The data are summarized as follows:
- features = 561 obs, 2 var - Contains a feature ID and feature description for 561 measurements
- X_train = 7352 obs, 561 vars - Contains the measurements for each feature
- X_test = 2947 obs, 561 vars - Contains the measurements for each feature
- y_train = 7352 obs, 1 var - Contains the activity number for each observation in X_train
- y_test = 2947 obs, 1 var - Contains the activity number for each observation in X_test
- subject_train = 7352 obs, 1 var - Contains the subject number for each observation in X_train
- subject_test = 2947 obs, 1 var - Contains the subject number for each observation in X_test
- activities = 6 obs, 2 var - Contains names of the activities for each activity number
Detailed information on how the measurements were made and what the measurements represent can be found in features_info.txt in the input dataset folder.
###Goal The goal of the project is to find all variables that represent mean or standard deviation values and produce a dataset that averages these values by subject and activity.
There are 79 variables that have mean, std or meanFreq in the name. These were selected for analysis.
- train data = 7352 obs, 79 vars
- test data = 2947 obs, 79 vars
The final data is a table of the mean of each variable by subject and activity. This results in a table of 180 rows (30 subjects * 6 activities) and 81 columns (subject, activity and 79 measurements).
The final data are written to tidy.csv.
###Procedure: ####Setup For the script to run, the input data should be extracted to the same directory as run_analysis.R. In other words, you should have the folder "UCI HAR Dataset" and run_analysis.R in the same working directory.

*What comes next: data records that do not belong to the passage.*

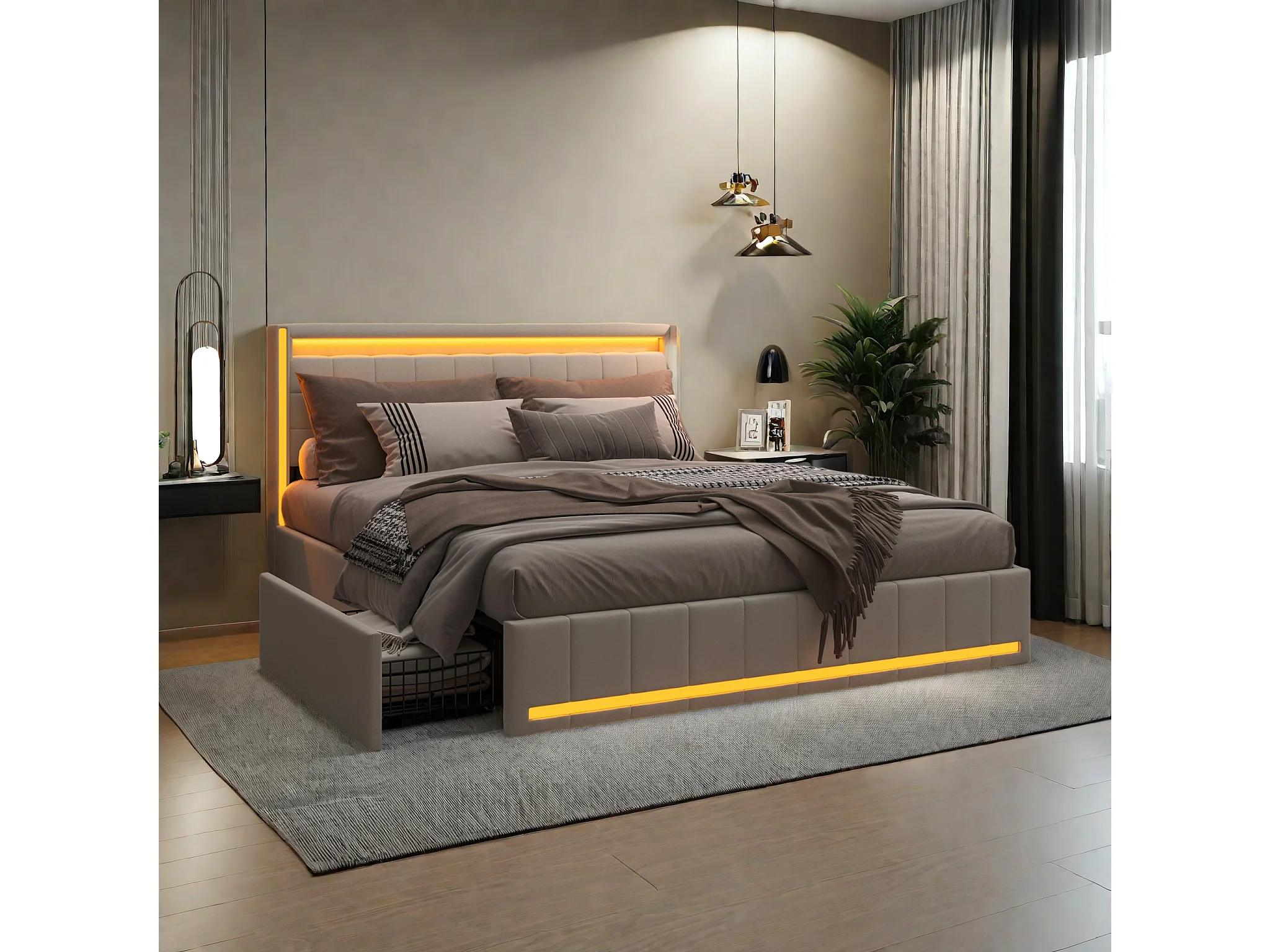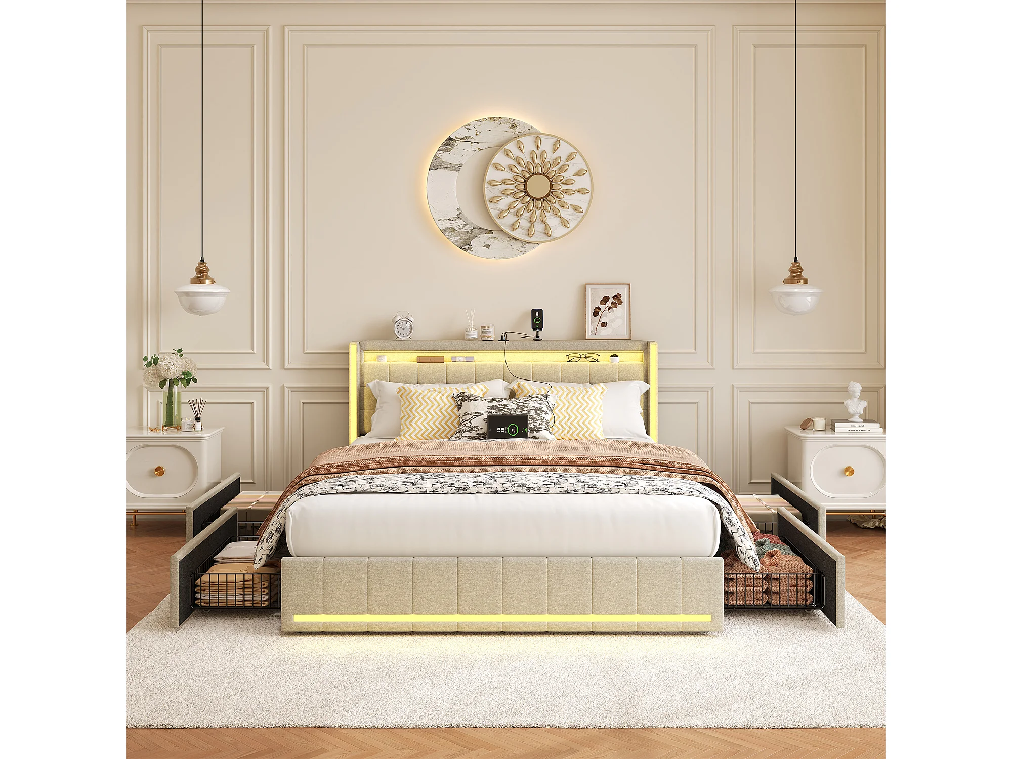 Lit double 140x200 cm en lin beige – Tête et pied de lit avec LED, 4 tiroirs métalliques, ports USB & Type-C
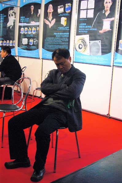 | 25=見本市視察の仕事中のスナップ。 ブースで爆睡する中国人。 お疲れなんだよね、判ります。 過労死しないようにね、アジアの人たち。 |
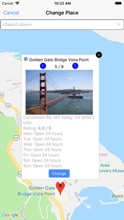 6. Show the restaurants or gas stations on the map near a place.
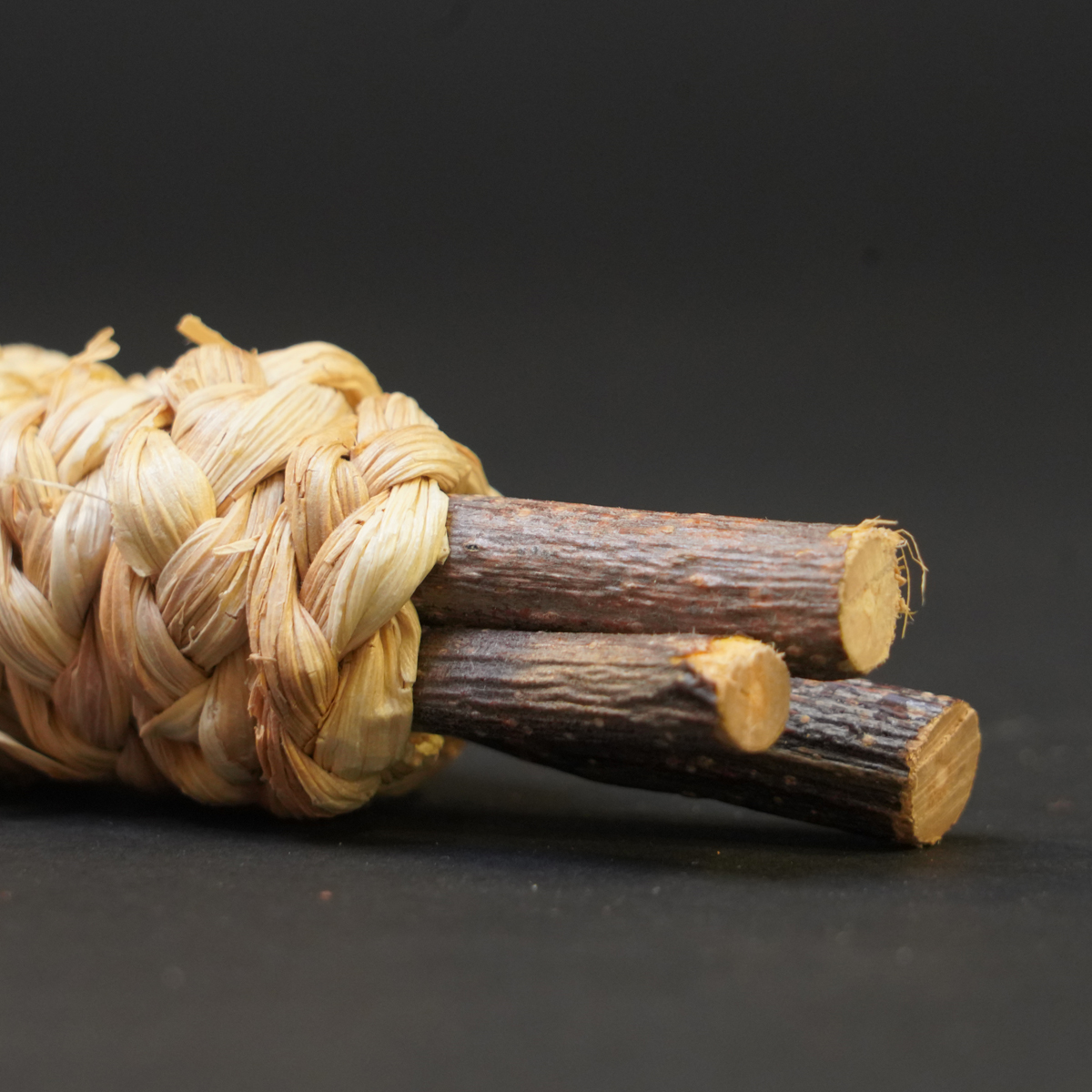 Knagen aan de Wooden Sticks Toy helpt op een natuurlijke manier bij het afslijten van de tanden én zorgt voor wat extra activiteit in het verblijf.
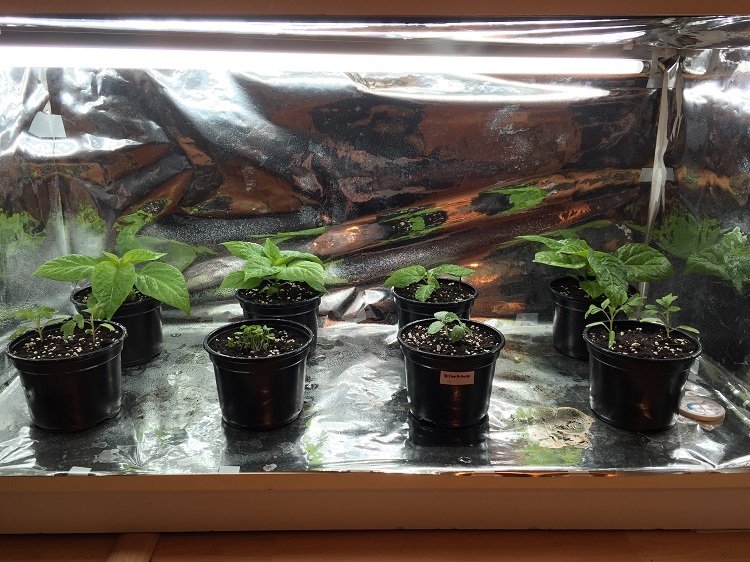 (vzadu zleva) 2x Bhut jolokia Chocolate, 2x TSM
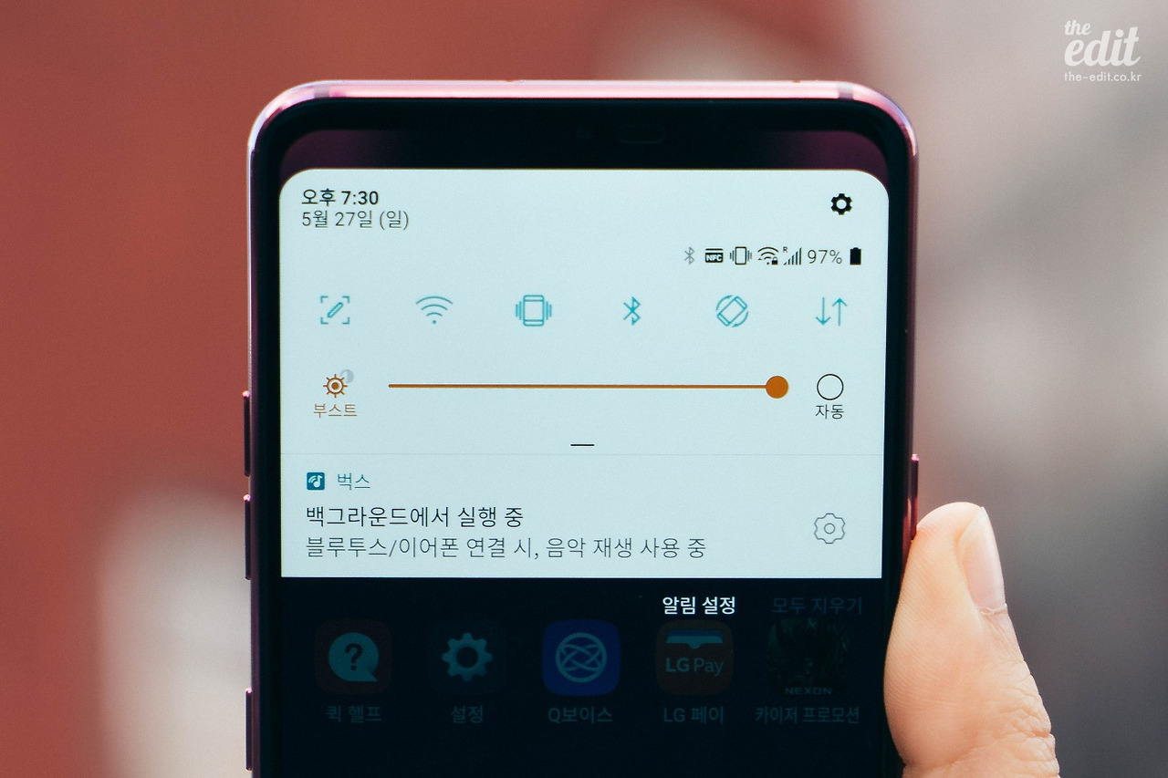 이럴 때 부스트 모드를 쓰면 눈이 탁 트이는 것 같다. G7 ThinQ 디스플레이의 기본 최대 밝기는 700 니트 정도다. 보통 스마트폰 화면 밝기가 500~600 니트 정도임을 감안하면 이 역시 밝은 편이다. 하지만 부스트 모드를 활용하면, 최대 3분 동안 1,000 니트의 휘도를 구현할 수 있다.

The input data can be found here: https://d396qusza40orc.cloudfront.net/getdata%2Fprojectfiles%2FUCI%20HAR%20Dataset.zip
####Analysis The following describes the procedure used in run_analysis.R to manipulate the data and produce a tidy output dataset:
- Get feature names by reading features.txt and subsetting just the names column
- Get feature subset for mean and std dev using grep and sorting an array of column indices
- Read X_train data from X_train.txt and provide column names from features data
- Subset X_train for std and mean only
- Read subject_train data from subject_train.txt and provide column name
- Add subject column to X_train using cbind
- Read X_test data from X_test.txt and provide column names from features data
- Subset X_test for std and mean only
- Read subject_test data from subject_test.txt and provide column name
- Add subject column to X_test using cbind
- Add X_test rows to X_train using rbind
- Read y_train and y_test files and provide column names
- Add y_test rows to y_train using rbind
- Add factors for y_train activity names using cut
- Merge X columns with y column using cbind
- Create tidy dataset with the mean of each measurement for each subject and activity using melt and dcast
- Write tidy dataset to file using write.table
####Notes:
- Since the datasets are large, memory was released when it was no longer needed. This would allow the script to scale better if even larger datasets were used.
- A variable, maxrows, was used to reduce the amount of data read in for testing. This sped up the testing phase.